In the data below, one line contains "The BMW M2 unveiled" and a later one contains "De installatie van". Print both, with every line between them, exactly and alone.

[Opening Excerpted data section]

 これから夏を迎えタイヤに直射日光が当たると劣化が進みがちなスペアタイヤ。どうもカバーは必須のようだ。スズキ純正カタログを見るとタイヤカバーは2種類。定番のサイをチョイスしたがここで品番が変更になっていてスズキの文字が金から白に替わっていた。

[Closing Excerpted data section]
[Opening Excerpted data section]

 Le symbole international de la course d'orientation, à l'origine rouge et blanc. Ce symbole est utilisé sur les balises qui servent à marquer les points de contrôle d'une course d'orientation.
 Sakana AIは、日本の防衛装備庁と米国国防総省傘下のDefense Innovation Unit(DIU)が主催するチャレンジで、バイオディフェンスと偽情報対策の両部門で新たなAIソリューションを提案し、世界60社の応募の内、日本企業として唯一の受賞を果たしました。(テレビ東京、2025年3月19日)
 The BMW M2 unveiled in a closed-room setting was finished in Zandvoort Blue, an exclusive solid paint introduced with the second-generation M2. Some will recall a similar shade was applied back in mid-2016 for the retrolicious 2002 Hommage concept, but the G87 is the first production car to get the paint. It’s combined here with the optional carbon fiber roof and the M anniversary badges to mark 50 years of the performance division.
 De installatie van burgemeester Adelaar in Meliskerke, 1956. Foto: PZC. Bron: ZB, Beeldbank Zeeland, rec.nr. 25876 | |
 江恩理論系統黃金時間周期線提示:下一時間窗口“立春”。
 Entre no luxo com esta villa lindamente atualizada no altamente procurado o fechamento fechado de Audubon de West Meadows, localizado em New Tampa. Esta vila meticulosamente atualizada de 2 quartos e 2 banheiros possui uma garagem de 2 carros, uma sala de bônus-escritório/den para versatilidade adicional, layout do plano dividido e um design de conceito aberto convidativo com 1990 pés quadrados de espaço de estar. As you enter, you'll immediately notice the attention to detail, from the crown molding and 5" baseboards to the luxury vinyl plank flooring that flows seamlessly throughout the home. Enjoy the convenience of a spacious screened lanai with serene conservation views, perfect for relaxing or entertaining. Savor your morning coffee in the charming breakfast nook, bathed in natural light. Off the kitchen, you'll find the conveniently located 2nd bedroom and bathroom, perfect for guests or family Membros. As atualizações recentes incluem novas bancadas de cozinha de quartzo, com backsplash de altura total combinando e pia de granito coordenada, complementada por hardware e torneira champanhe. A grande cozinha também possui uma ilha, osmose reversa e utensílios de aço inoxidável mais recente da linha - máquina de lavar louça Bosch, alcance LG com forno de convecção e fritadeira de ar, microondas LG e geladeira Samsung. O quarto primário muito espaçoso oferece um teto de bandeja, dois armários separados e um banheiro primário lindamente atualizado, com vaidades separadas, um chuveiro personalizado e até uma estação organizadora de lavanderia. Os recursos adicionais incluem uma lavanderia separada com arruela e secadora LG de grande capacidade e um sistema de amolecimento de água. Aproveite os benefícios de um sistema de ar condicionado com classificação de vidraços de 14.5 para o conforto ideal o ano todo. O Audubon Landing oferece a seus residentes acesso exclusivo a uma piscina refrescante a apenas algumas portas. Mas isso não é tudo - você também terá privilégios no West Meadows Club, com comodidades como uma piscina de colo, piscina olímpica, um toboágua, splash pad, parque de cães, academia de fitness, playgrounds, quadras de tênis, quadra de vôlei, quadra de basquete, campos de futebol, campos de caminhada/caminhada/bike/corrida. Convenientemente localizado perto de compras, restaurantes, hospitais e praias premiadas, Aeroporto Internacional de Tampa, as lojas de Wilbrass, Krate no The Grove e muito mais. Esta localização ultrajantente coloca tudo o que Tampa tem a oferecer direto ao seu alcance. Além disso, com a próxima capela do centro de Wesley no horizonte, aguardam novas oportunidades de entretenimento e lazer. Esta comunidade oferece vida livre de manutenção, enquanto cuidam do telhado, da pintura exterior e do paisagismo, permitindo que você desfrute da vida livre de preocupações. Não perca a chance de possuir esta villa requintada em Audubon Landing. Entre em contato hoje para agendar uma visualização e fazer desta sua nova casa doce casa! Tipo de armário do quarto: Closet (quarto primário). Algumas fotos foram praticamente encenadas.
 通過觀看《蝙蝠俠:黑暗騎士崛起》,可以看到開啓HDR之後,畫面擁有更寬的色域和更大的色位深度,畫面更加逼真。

[Closing Excerpted data section]
[Opening Excerpted data section]

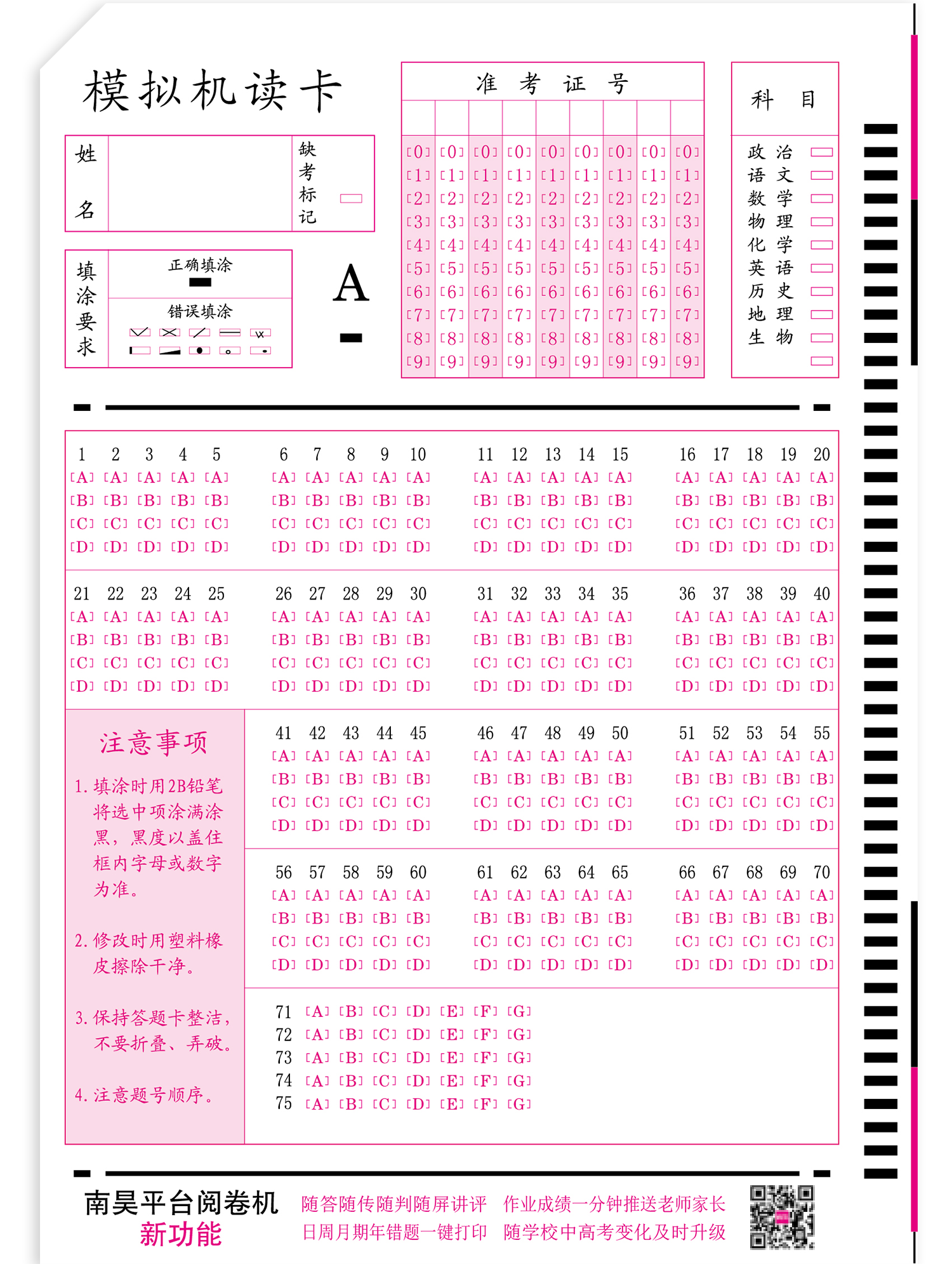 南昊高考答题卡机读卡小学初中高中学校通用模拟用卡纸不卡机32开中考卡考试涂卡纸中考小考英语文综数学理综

[Closing Excerpted data section]

* Finished task
 The BMW M2 unveiled in a closed-room setting was finished in Zandvoort Blue, an exclusive solid paint introduced with the second-generation M2. Some will recall a similar shade was applied back in mid-2016 for the retrolicious 2002 Hommage concept, but the G87 is the first production car to get the paint. It’s combined here with the optional carbon fiber roof and the M anniversary badges to mark 50 years of the performance division.
 De installatie van burgemeester Adelaar in Meliskerke, 1956. Foto: PZC. Bron: ZB, Beeldbank Zeeland, rec.nr. 25876 | |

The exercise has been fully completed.